Personal information
- Full name: Thomas Anthony Peter Bell
- Date of birth: 30 December 1923
- Place of birth: Crompton, Lancashire, England
- Date of death: 21 November 1988 (aged 64)
- Place of death: Chadderton, Lancashire, England
- Position: Full back

Senior career*
- Years: Team / Apps / (Gls)
- ????–1946: Glossop
- 1946: Mossley
- 1946–1952: Oldham Athletic / 170 / (0)
- 1952–1953: Stockport County / 31 / (0)
- 1953–1956: Halifax Town / 117 / (1)
- 1956–1958: Chorley
- 1958–1959: Mossley
- 1959–1960: Ashton United

= Tommy Bell (footballer, born 1923) =

English footballer

Thomas Anthony Peter Bell (30 December 1923 – 21 November 1988) was an English professional footballer. A left-back, he played in 318 Football League matches for three clubs, most notably for hometown club Oldham Athletic.

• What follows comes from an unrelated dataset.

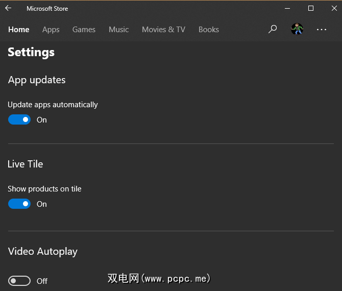 键入 store 进入“开始"菜单,然后打开 Microsoft Store 条目。在这里,点击右上角的三点式 Menu 图标,然后选择 Settings 。在“设置"菜单中,将自动更新应用滑块切换到关闭。
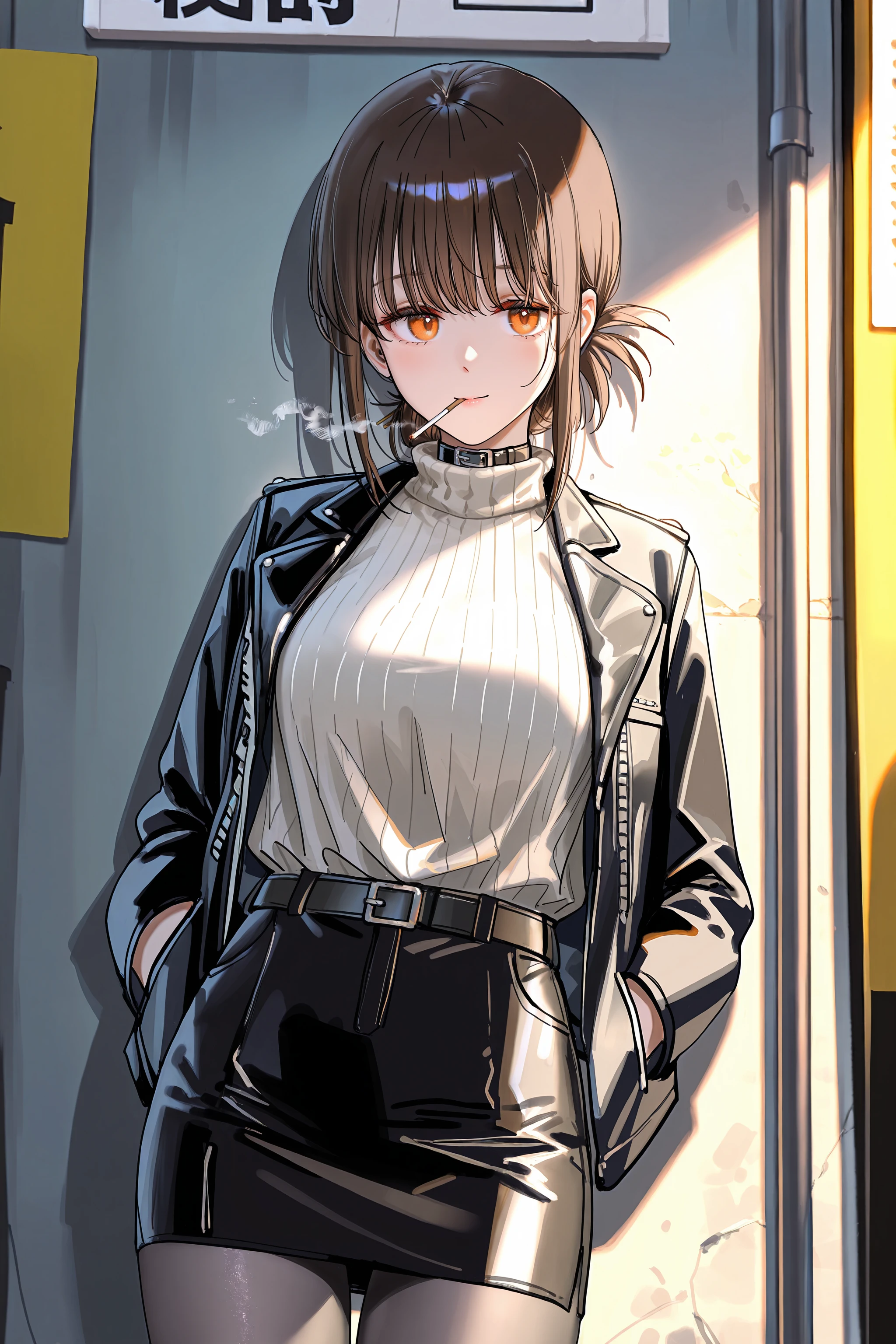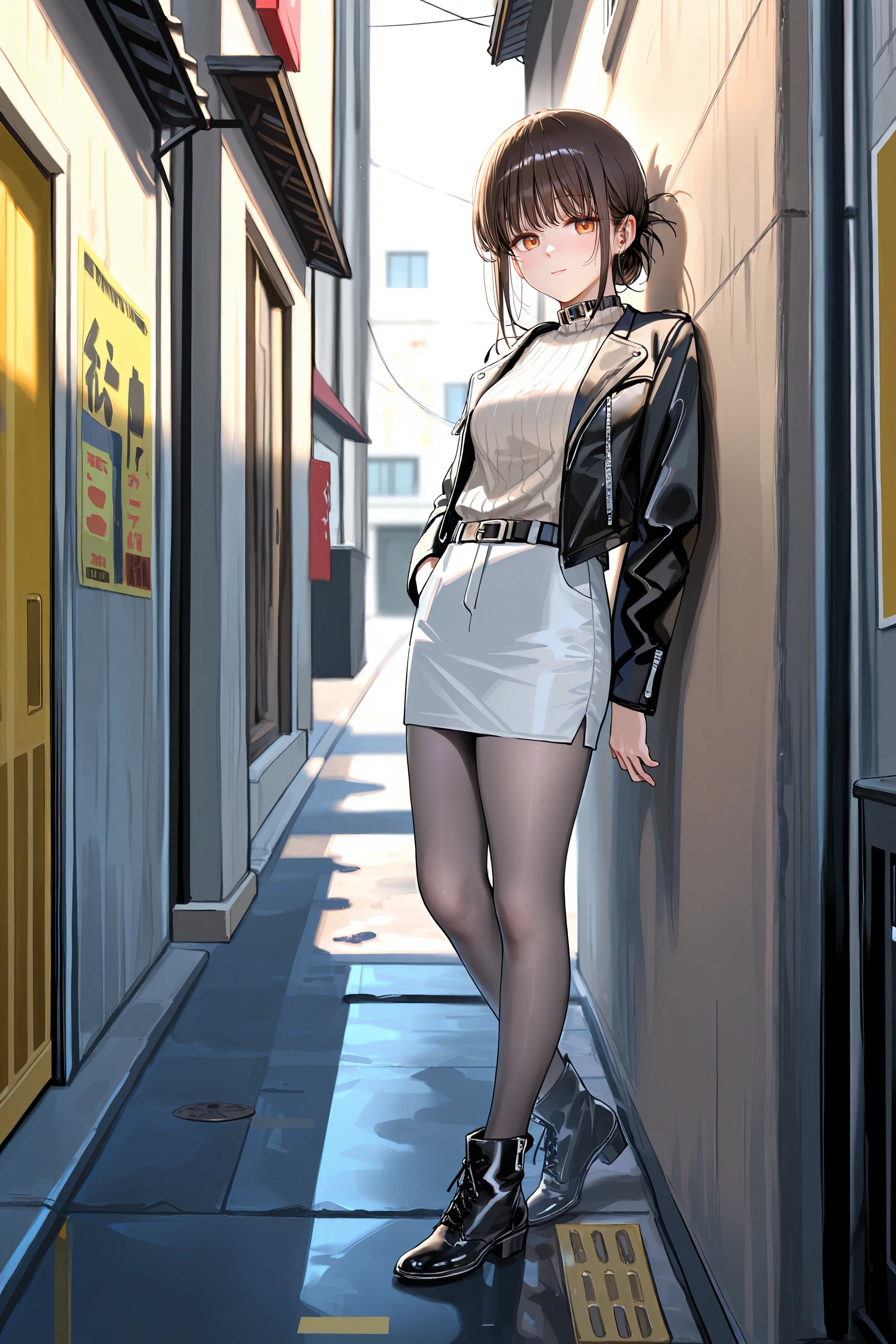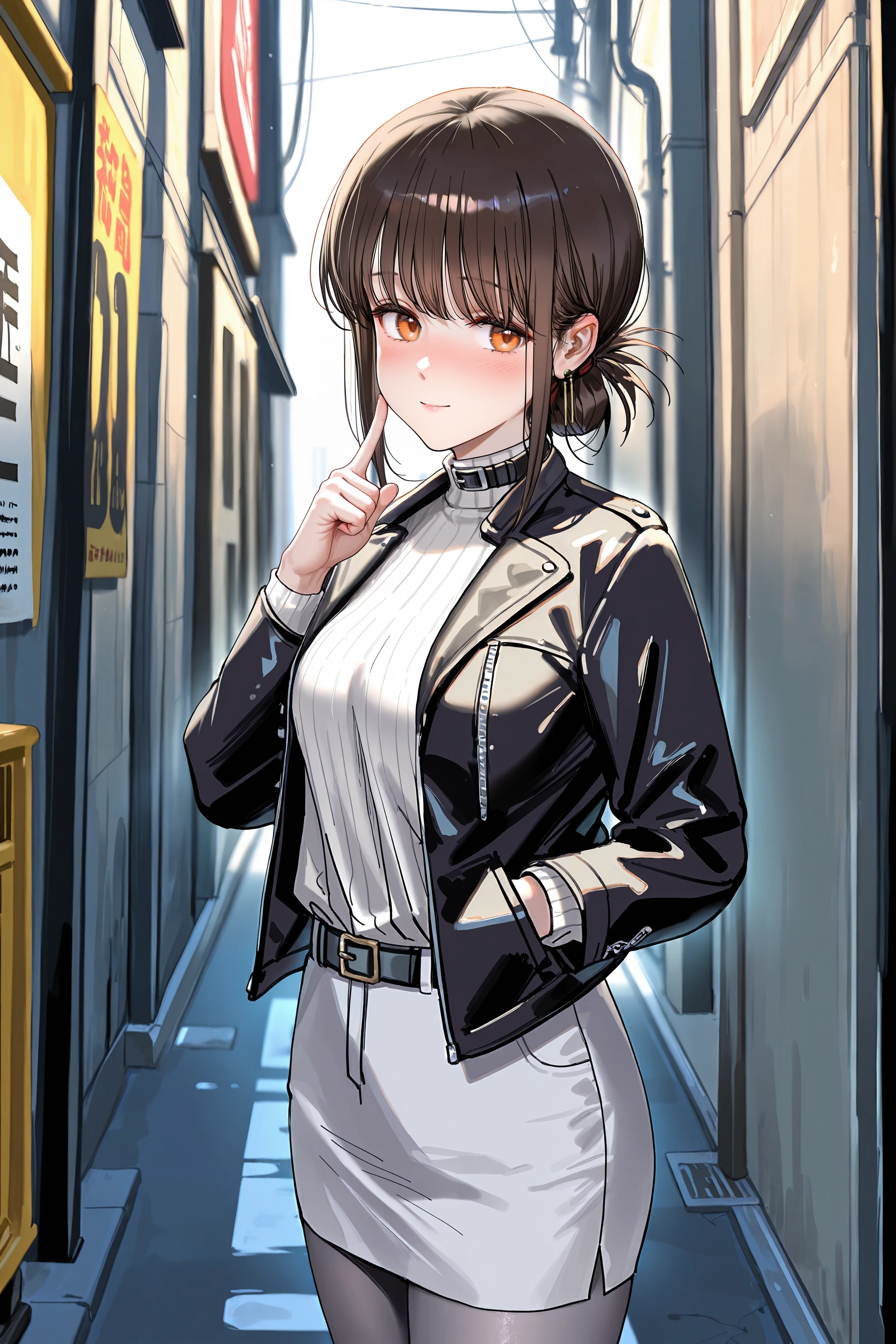 For Tayama's looking at the back of the supermarket: lipstick, folded ponytail, belt collar, turtleneck sweater, belt, leather jacket, oversized jacket, pencil skirt, grey pantyhose, ankle boots

Bell features, along with his son Graham, amongst 'The Legends of Oldham Athletic'.

==Career==
Born in Crompton near Oldham, Bell signed for Mossley from Glossop in 1946. Playing as a right-back, his performances during his 16 matches led to him signing for Third Division North club Oldham Athletic in late 1946. The fee of £550 was a record for a Mossley player.

Bell made his Oldham debut in their 1946–47 FA Cup second-round defeat by Doncaster Rovers on 14 December 1946. He appears to have played well: the Daily Mirror wrote that Bell "left the field thinking out the miserable tale he'd have to tell at home. Outside the ground was the usual mob of autograph hunters. Waiting, not for the stars of Doncaster's successful team, but for Tommy Bell, the man who played a 'blinder'."

After playing 170 league matches for Oldham, he signed for Stockport County in 1952. However, the following year he left to join Halifax Town, where he remained until 1956, making 117 appearances and scoring his only goal in the Football League. After leaving Halifax, he signed for Chorley, where he remained until rejoining Mossley during the 1958–59 season. The final season of his playing career, 1959–60, saw him join Ashton United, where he was appointed captain.